DOJ seeks dismissal of House GOP’s lawsuit over Fast and Furious
The Justice Department filed court papers late Monday seeking to dismiss a lawsuit from the House Oversight Committee that would force Attorney General Eric Holder to turn over documents related to the Fast and Furious gun-tracking operation.
In their legal brief, DOJ lawyers assert that federal courts cannot intervene when the White House moves not to comply with a congressional branch subpoena by asserting executive privilege, as President Obama did in this case.
The Justice Department motion says that the dispute should be settled by the two branches in question and not in the courts.
{mosads}“Disputes of this sort have arisen regularly since the founding [of the country],” states the DOJ’s motion. “For just as long, these disputes have been resolved between the political branches through a constitutionally grounded system of negotiation, accommodation and self-help.”
The House lawsuit was filed in mid-August by Oversight Committee Chairman Darrell Issa (R-Calif.) as part of his probe into a botched ATF operation, which sought to track gun sales to straw purchasers for Mexican drug gangs. Two of the guns were later found at the murder scene of a Border Patrol agent in Arizona.
GOP lawmakers have questioned when administration officials first learned about the operation’s controversial “gun walking” tactics that allowed for known criminals to disappear with firearms, after the ATF had approved their sale.

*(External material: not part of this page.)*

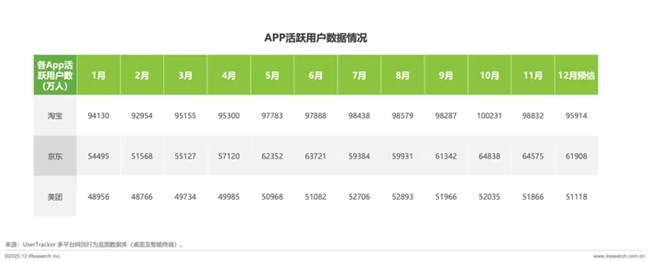 作为外卖市场格局的量化标尺,APP用户活跃情况直接反映平台真实运营规模与市场渗透情况。通过2025 年全年为监测周期、2024 年为基准对比,对三大平台APP追踪全链路用户行为与用户生命周期数据最终推总测算出 2025 年基于APP活跃用户情况的外卖市场份额预测。

In 2011, the DOJ sent an initial letter to Congress, stating that at all times it makes every attempt possible to stop weapons from illegally crossing over the border into Mexico. That letter was rescinded nearly 10 months later.
Issa’s lawsuit and contempt resolution against Holder are focused on obtaining internal DOJ documents that pertain to the DOJ’s decision to withdraw that letter, in an attempt to determine whether the agency intentionally lied to Congress and then tried to cover it up.
The DOJ has delivered more than 8,000 pages of documents in response to other requests from Issa about the operation, but Obama asserted executive privilege over the subset pertaining to Issa’s subpoena for the internal communications.
In June, the Republican House overwhelmingly passed resolutions holding the attorney general in contempt of Congress for not complying with the latest subpoena to provide additional documents.
Issa subsequently filed a lawsuit to force Holder to turn over those documents after the Justice Department said it would not prosecute the attorney general over the contempt charge.
A lengthy DOJ inspector general (IG) report on the overarching Fast and Furious operation, and agency officials’ responsibility, received access to more than 100,000 documents over the course of its 18-month investigation. Issa has complained that he has not received one-tenth of those documents.
Democrats have slammed the lawsuit, calling it a waste of taxpayer dollars and an exercise in political theater. Holder and other senior Justice officials have testified before Congress that they were unaware of the controversial tactics being used in the gun-tracking program and moved quickly to stop it once they were informed of the operation.
The IG report also determined that Holder did not know about the tactics and cited several senior DOJ officials as being responsible. Most of those officials have either resigned or retired in the nearly two years since the operation became public.
This story was posted at 7:13 a.m. and has been updated.